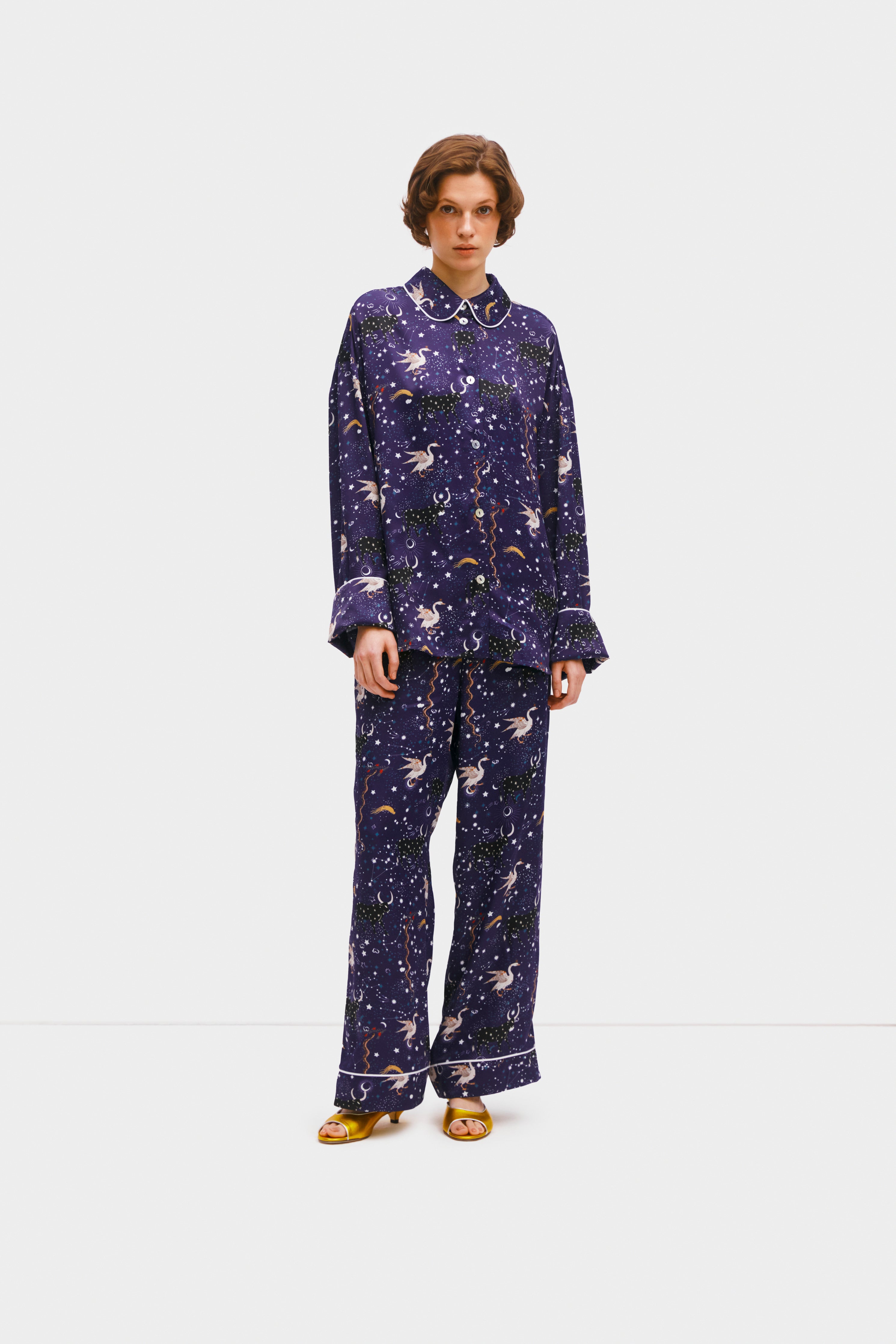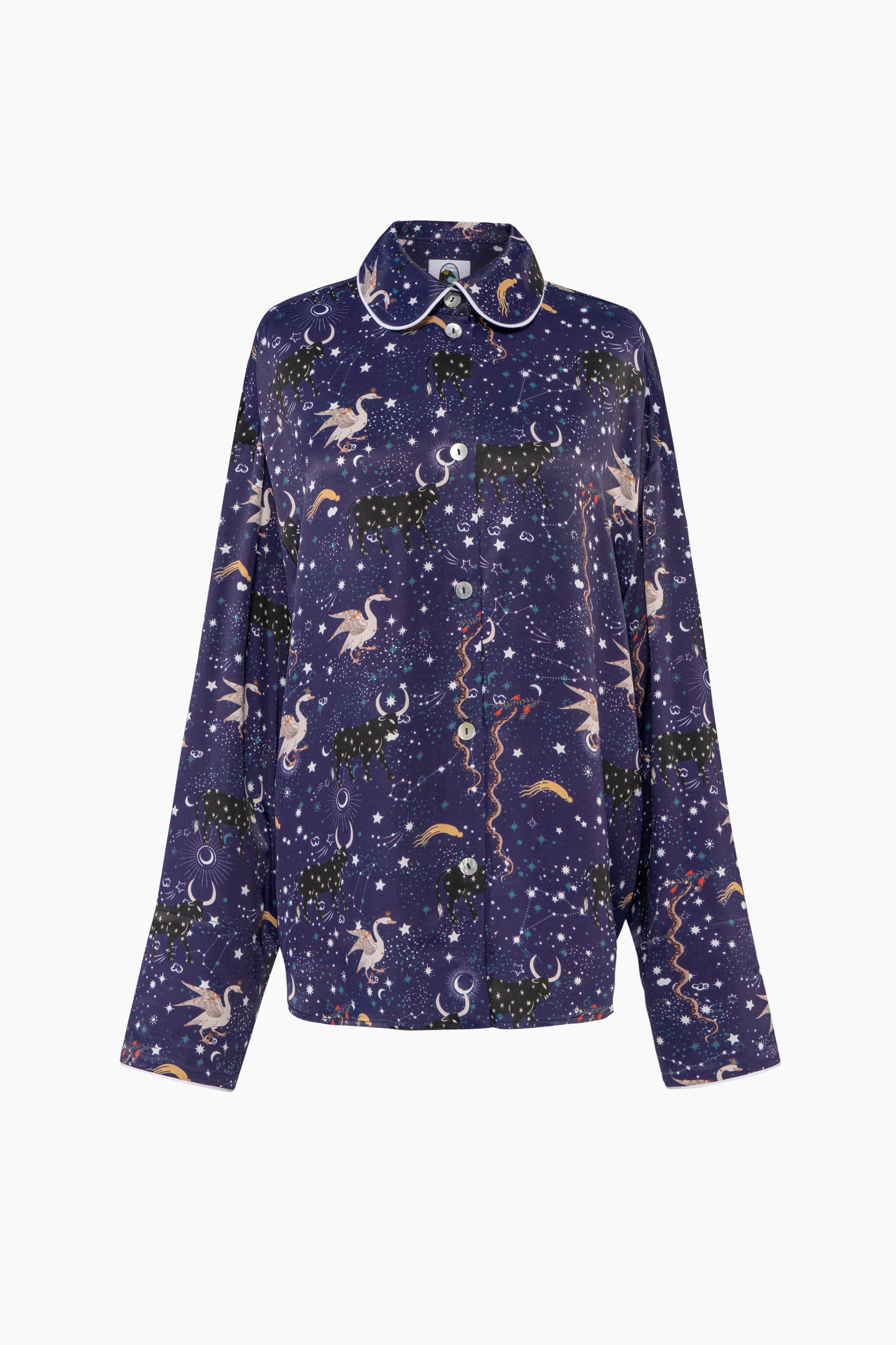 The Sleeper Pastelle Oversized Shirt in Mystic Print is a relaxed-fit, oversized shirt made from soft, certified 100% viscose fabric. It features a captivating, astrology-inspired print with mystical creatures and celestial elements, designed by Milan-based artist Julia Gerasko. The shirt includes a rounded collar, a button front closure, long sleeves with closed cuffs, a pleated back yoke with a hanger loop, and contrast piping for added detail. It is designed for a versatile, effortlessly chic look.
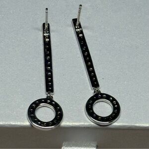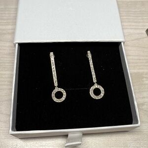 These silver earrings feature a minimalist geometric design with a vertical bar adorned with clear crystals, leading to a simple circular drop. The modern and symmetrical style adds a touch of sophistication to any outfit.
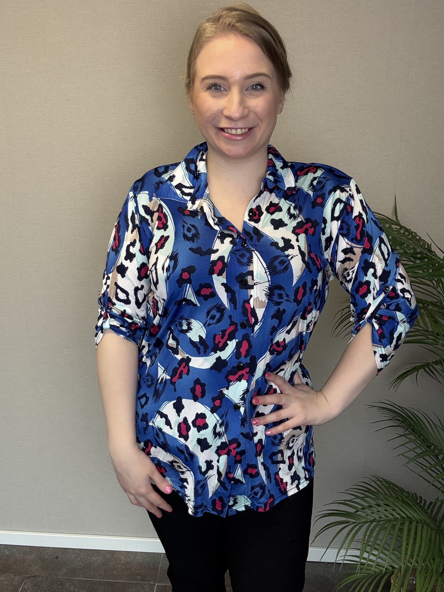 Deze B-2204 blouse van Magna Fashion valt op door de opvallende print met vele kleuren. Door de blauwe kleur met roze accenten is blouse Amber voor de vrouw die durft op te vallen! Amber is een doorgeknoopte blouse met een fijne ¾ mouw die op te stropen is. Een fijn model om zowel in het voorjaar als in de zomer te dragen.
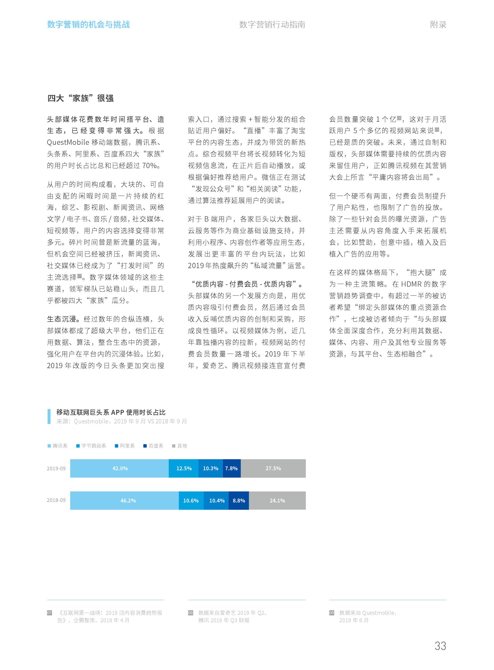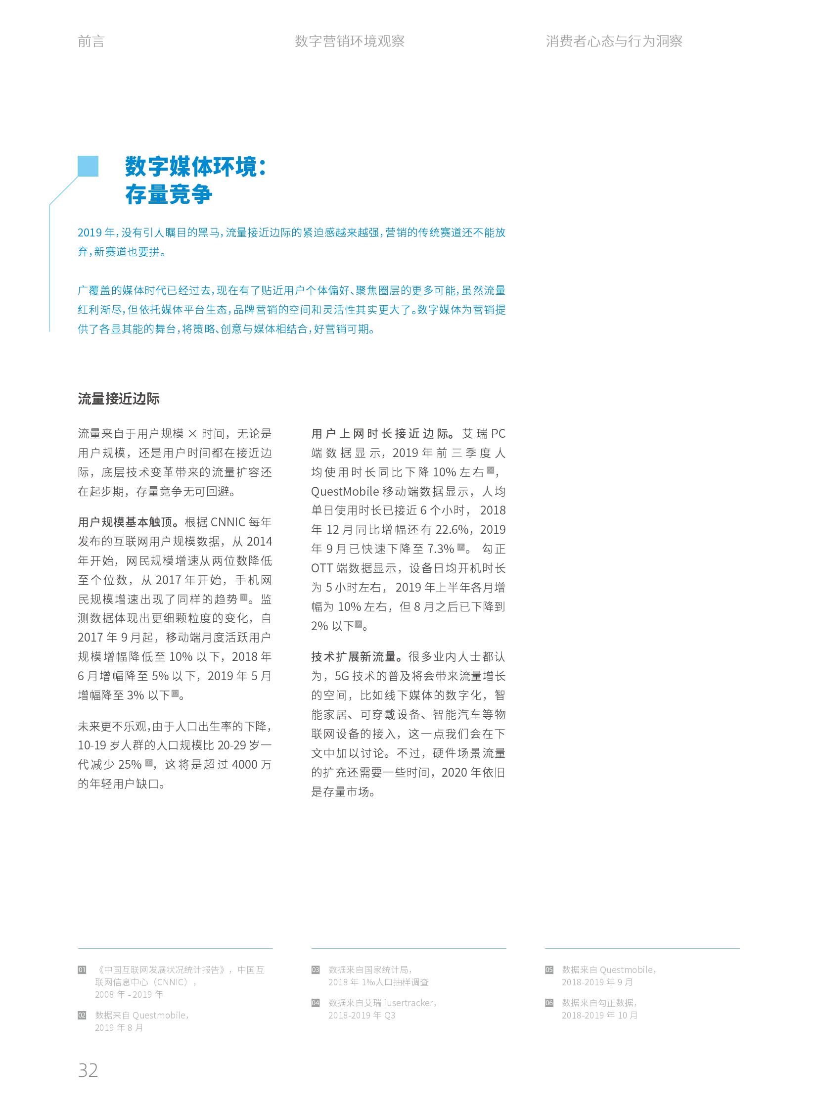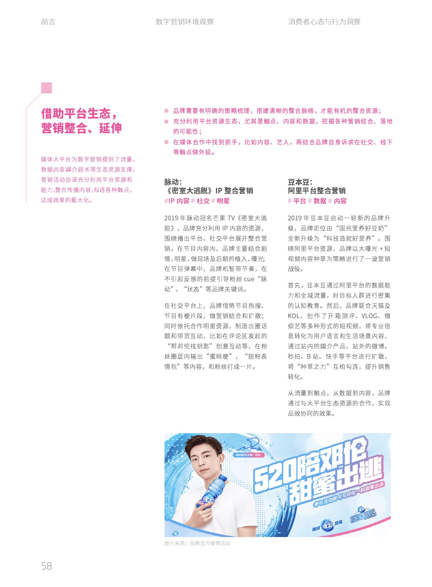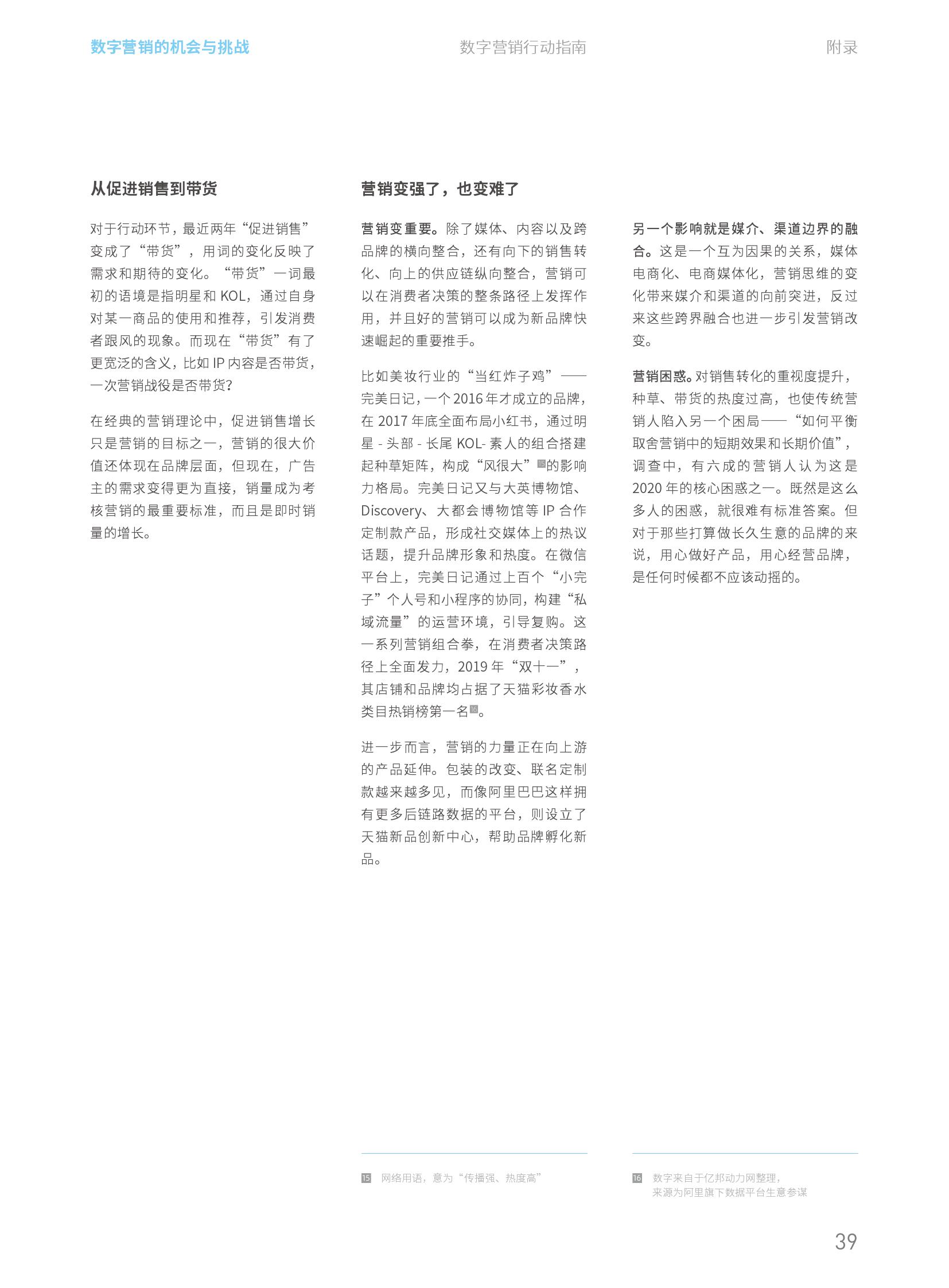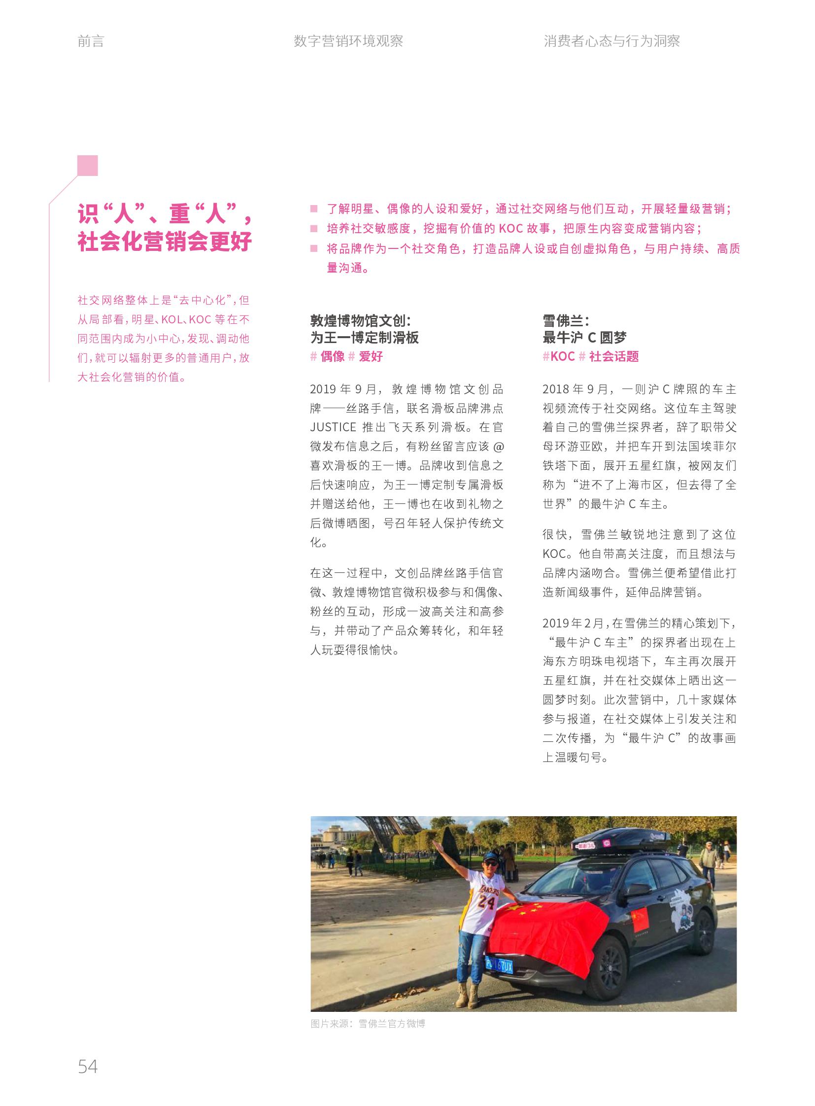 HDMR:2020中国数字营销行动报告 2020年消费发展的主体方向依旧是持续升级。 市场的主要机会,一是存量市场中的大规模升级需求,尤其是被称为香饽饽的“下沉市场”;二是引领未来走向的年轻群体的创新需求。2020年,90后步入30岁,00后初登舞台,新的年轻人正在改演现实。 2020年,我们提倡回归数字营销本身——消费者、媒介、平台等基础因素,深度思考它们所面对的变化和影响,然后形成眼前的对策。 PDF版本将分享到199IT交流群,支持我们发展可加入! 更多阅读:华扬数字:2018中国数字营销行动报告华扬联众:2015年中国数字营销行动报告华扬联众:2014年中国数字营销行动报告消费者品牌报告:寻找真相德勤咨询:2020中国与全球企业人工智能应用现状调研中国旅游研究院:2020中国冰雪旅游发展Falcon:2021年数字营销趋势报告Altimeter:2020年数字营销状况报告Salesforce:2021年营销报告CMO和C级高管报告:伙伴关系的基因Ascend2:2021年意图数据报告HCR:数字营销创新应用及趋势研究报告数字营销之战: 首席营销官(CMO)Vs.首席信息官(CIO)Razorfish:2015年全球数字营销报告Adobe:2014亚太区数字营销业绩报告

^^^^^^^^^^^^^^^^

### Exercise brief:
Reproduce the lines from the one with "Deze B-2204 blouse" through the end of the data, keeping both end lines, adding nothing, and dropping any pictures.

### Output for this exercise:
 Deze B-2204 blouse van Magna Fashion valt op door de opvallende print met vele kleuren. Door de blauwe kleur met roze accenten is blouse Amber voor de vrouw die durft op te vallen! Amber is een doorgeknoopte blouse met een fijne ¾ mouw die op te stropen is. Een fijn model om zowel in het voorjaar als in de zomer te dragen.
 HDMR:2020中国数字营销行动报告 2020年消费发展的主体方向依旧是持续升级。 市场的主要机会,一是存量市场中的大规模升级需求,尤其是被称为香饽饽的“下沉市场”;二是引领未来走向的年轻群体的创新需求。2020年,90后步入30岁,00后初登舞台,新的年轻人正在改演现实。 2020年,我们提倡回归数字营销本身——消费者、媒介、平台等基础因素,深度思考它们所面对的变化和影响,然后形成眼前的对策。 PDF版本将分享到199IT交流群,支持我们发展可加入! 更多阅读:华扬数字:2018中国数字营销行动报告华扬联众:2015年中国数字营销行动报告华扬联众:2014年中国数字营销行动报告消费者品牌报告:寻找真相德勤咨询:2020中国与全球企业人工智能应用现状调研中国旅游研究院:2020中国冰雪旅游发展Falcon:2021年数字营销趋势报告Altimeter:2020年数字营销状况报告Salesforce:2021年营销报告CMO和C级高管报告:伙伴关系的基因Ascend2:2021年意图数据报告HCR:数字营销创新应用及趋势研究报告数字营销之战: 首席营销官(CMO)Vs.首席信息官(CIO)Razorfish:2015年全球数字营销报告Adobe:2014亚太区数字营销业绩报告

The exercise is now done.